→ **Problem to work on**
For this item, repeat the material exactly while omitting its pictures.

→ **Working data**
↓

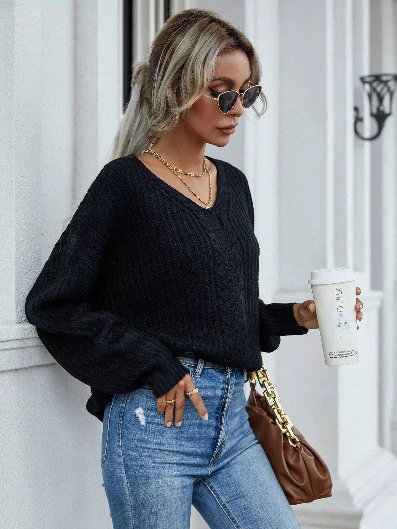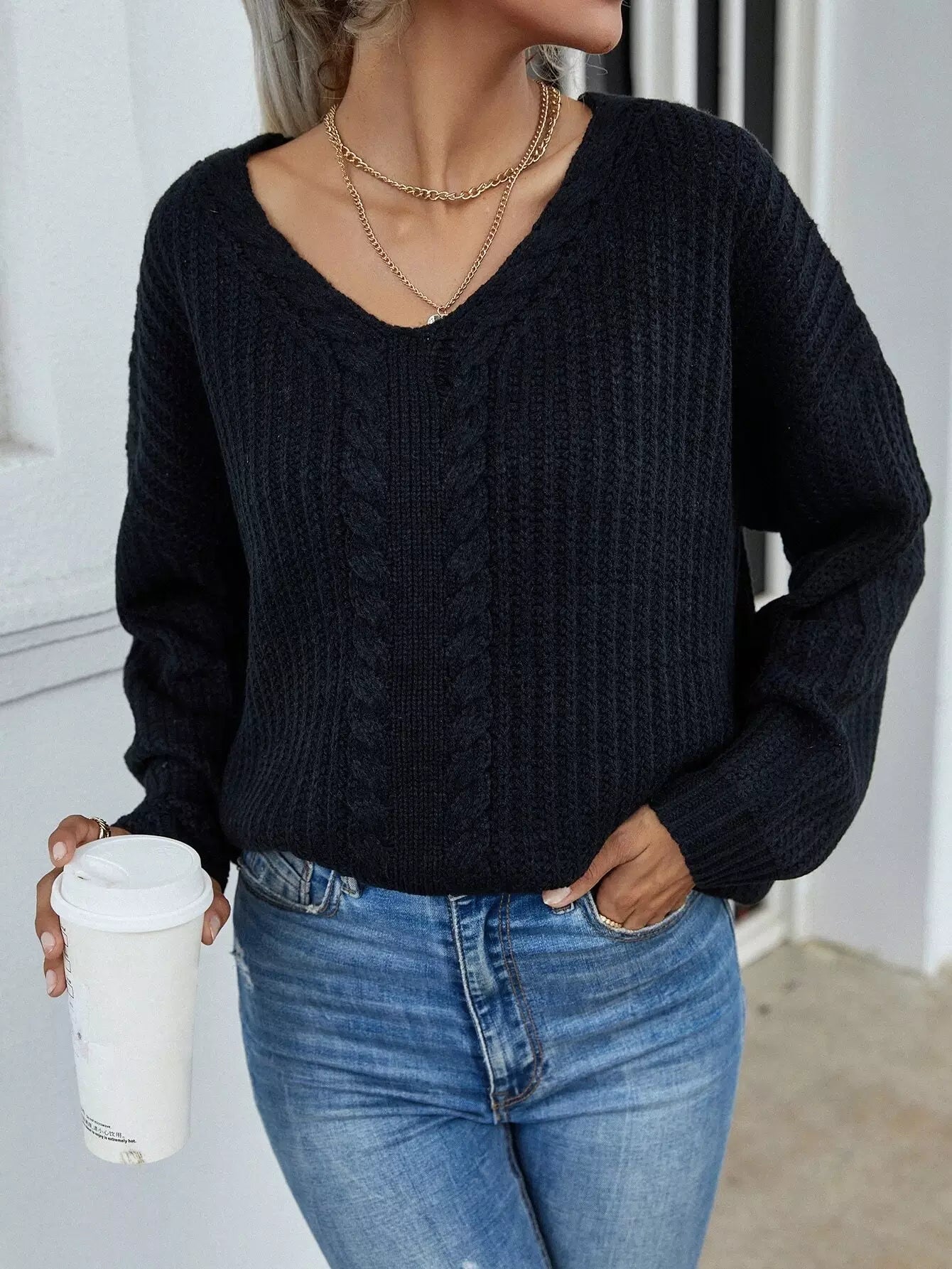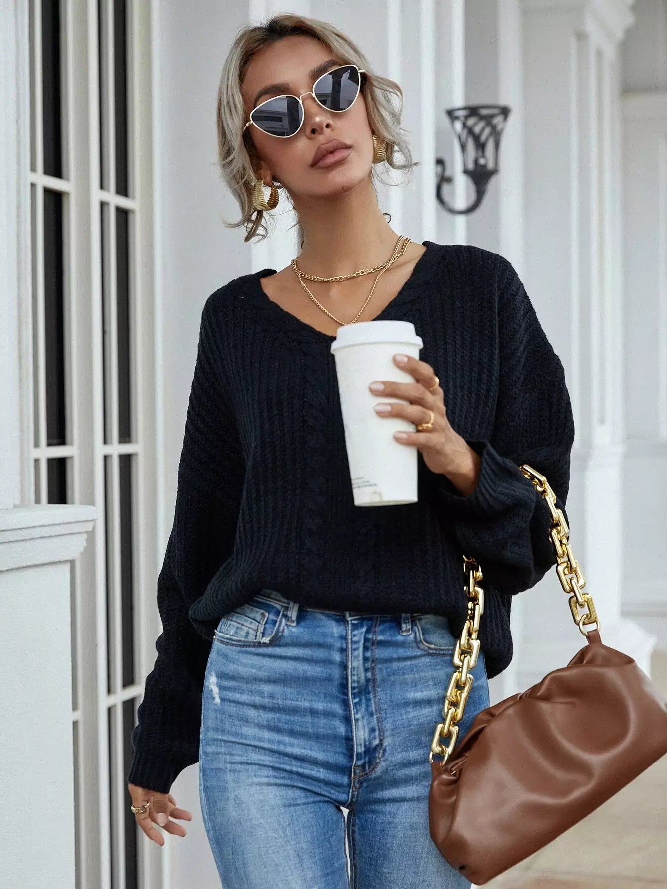 كنزة منسدلة الكتفين محبوكة بكابل محبوكة
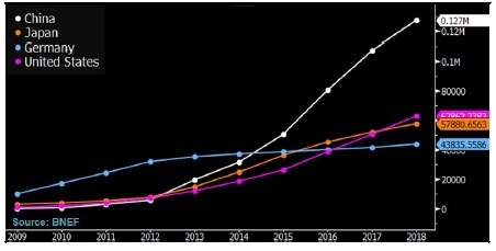 從2005年起,德國十年間的太陽能裝機(jī)量一直在全球首屈一指,直到2015年以后才被裝機(jī)迅猛增長的中國取而代之。由于德國政府為控制成本限制上網(wǎng)電價補(bǔ)貼,對公用事業(yè)項目轉(zhuǎn)向發(fā)電容量拍賣的方式,日本2016年的裝機(jī)量可能超過了德國,美國2017年也可能超越。為了保住市場份額,太陽能電池板制造商SolarWorld和太陽能逆變器生產(chǎn)商SMA Solar等德國太陽能企業(yè)越來越將銷售的重心放在歐盟以外市場,比如美國。
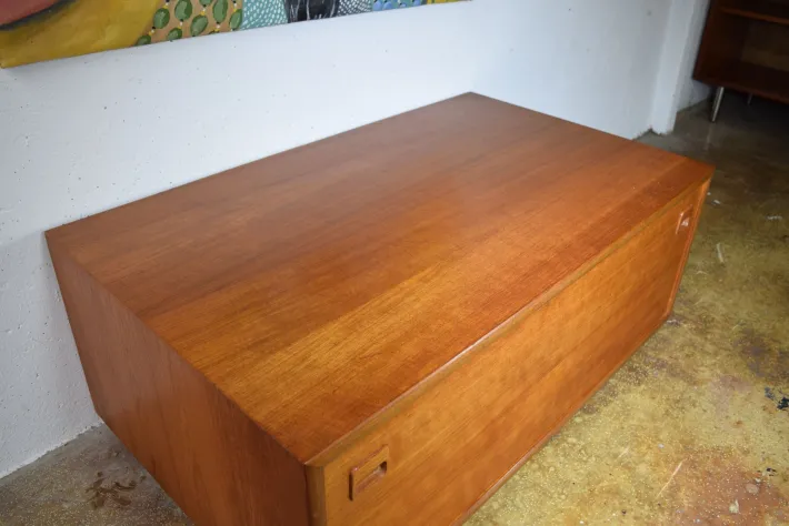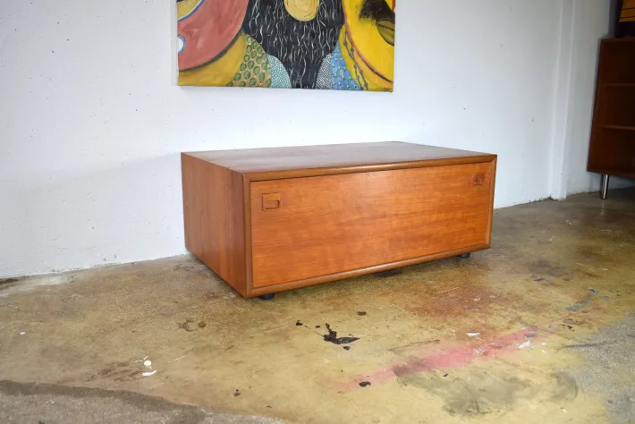 The lowboard features a well-preserved teak veneer and a large, smooth-running drawer. The drawer is lined with felt on the inside. There are small black feet under the cabinet. The veneer has been re-oiled; minor scratches are present.
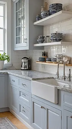 See those cool floating shelves with the perfect blue and white bowls? They’re so artfully arranged, you almost expect them to have their own velvet ropes. You just know these aren’t for holding your soggy cereal; they’re for looking fabulous! And that massive farmer’s sink? It’s ready for some serious dish duty after a big family meal, or maybe just to perfectly hold your single mug of hot chocolate. The shiny subway tiles probably make cleanup a breeze, meaning fewer arguments about who’s on dish patrol – or maybe just clearer evidence if you skip your turn!
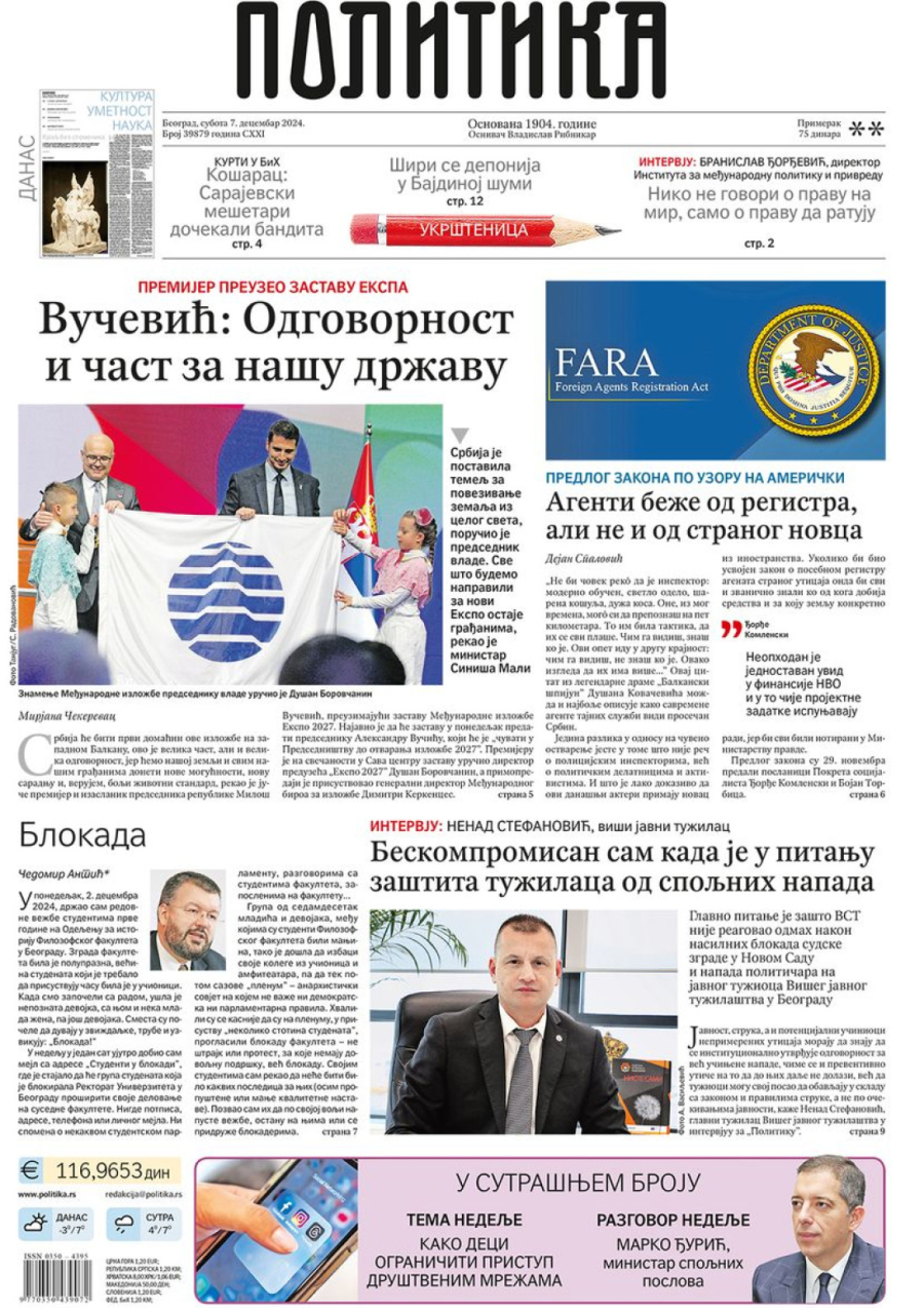 Dnevne novine u Srbiji za petak, 7. decembar 2024. godine, na naslovnim stranama najavljuju brojne aktuelne društveno-političke teme i donose ekskluzivne priče.

↑

→ **Answer to this task**
 كنزة منسدلة الكتفين محبوكة بكابل محبوكة
 從2005年起,德國十年間的太陽能裝機(jī)量一直在全球首屈一指,直到2015年以后才被裝機(jī)迅猛增長的中國取而代之。由于德國政府為控制成本限制上網(wǎng)電價補(bǔ)貼,對公用事業(yè)項目轉(zhuǎn)向發(fā)電容量拍賣的方式,日本2016年的裝機(jī)量可能超過了德國,美國2017年也可能超越。為了保住市場份額,太陽能電池板制造商SolarWorld和太陽能逆變器生產(chǎn)商SMA Solar等德國太陽能企業(yè)越來越將銷售的重心放在歐盟以外市場,比如美國。
 The lowboard features a well-preserved teak veneer and a large, smooth-running drawer. The drawer is lined with felt on the inside. There are small black feet under the cabinet. The veneer has been re-oiled; minor scratches are present.
 See those cool floating shelves with the perfect blue and white bowls? They’re so artfully arranged, you almost expect them to have their own velvet ropes. You just know these aren’t for holding your soggy cereal; they’re for looking fabulous! And that massive farmer’s sink? It’s ready for some serious dish duty after a big family meal, or maybe just to perfectly hold your single mug of hot chocolate. The shiny subway tiles probably make cleanup a breeze, meaning fewer arguments about who’s on dish patrol – or maybe just clearer evidence if you skip your turn!
 Dnevne novine u Srbiji za petak, 7. decembar 2024. godine, na naslovnim stranama najavljuju brojne aktuelne društveno-političke teme i donose ekskluzivne priče.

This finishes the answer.